At each vertex, we keep the count of distinct frequency lists of paths starting from itself and ending at any of the vertex present in its subtree.

For e.g :-

Consider that M = 120.

Then prime_factors = {2, 3, 5}. Now take a tree of the following form :-

5

1 2 4

1 3 3

1 4 5

3 5 10

The HashMap with key-value pair at vertex 1 will be of the following form where key represents the frequency list and value represents the count of that particular frequency list.

[ {2, 0, 0}, 1), ({0, 1, 0}, 1), ({1, 1, 1}, 1), ({0, 0, 1}, 1} ]

Now, the main task is to count the number of paths at each vertex and add it up to the final answer.

so, for each vertex, we need to consider it’s every child such that one part of the path goes through that child and the other path goes through some other child in its subtree.

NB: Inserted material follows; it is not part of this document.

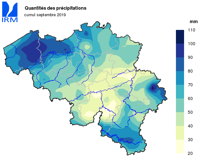 Il est tombé à Uccle un total de 62,6 mm de précipitations (norm.: 68,9 mm) en 15 jours (norm.: 15,7 jours). La plus grande partie des précipitations est tombée lors des derniers jours du mois : 50,7 mm à partir du 21. En 2004, il était tombé durant la 3e décade (21-30 septembre) juste un peu plus de précipitations que cette année : 51,0 mm. Avant cela, il faut remonter en 1974 pour trouver une dernière décade encore plus humide : 72,3 mm (c'est d'ailleurs le record depuis 1901).

Let’s say all the paths contributed by a particular child be stored in `map <vector <int>, int> child`

and all the paths contributed by parent without this particular child be sorted in `map <vector <int>, int>`

parent.

Let’s count the total paths such that one part of the path goes through that child and the other path goes through some other child in its subtree.

**Pseudo Code**

```
void count_it(map< vector<int>, int> parent, map< vector<int>, int> child)
{
map< vector<int>, int>::iterator it, iter;
for(it = parent.begin(); it!= parent.end(); ++it)
{
for(iter = child.begin(); iter!= child.end(); ++iter)
{
bool check = true;
for(int i = 0; i<prime_c.size();++i)
{
if((it->first[i]) + (iter->first[i]) < prime_c[i])
{
check = false;
break;
}
}
if(check)
total_ans += 1ll*(it->second) * (iter->second);
}
}
}
```

Here, prime_f and prime_c denote the prime factors of M and theiry frequency list respectively.

So, we are iterating all pairs of paths in both the HashMaps and we are checking if multiplying them both would lead to higher powers compared to the powers of all primes in frequency list of M. If thats the case, we can take one such path from parent and one such path from child. So, total number of ways will be Comb(paths_from_parent, 1) * Comb(paths_from_child,1).

For details on the implementation have a look at the tester’s solution.

### COMPLEXITY

Overall complexity should be around O(N*P) which is enough to pass all kinds of subtasks stated in the problem. Here, constant P is atmost 500.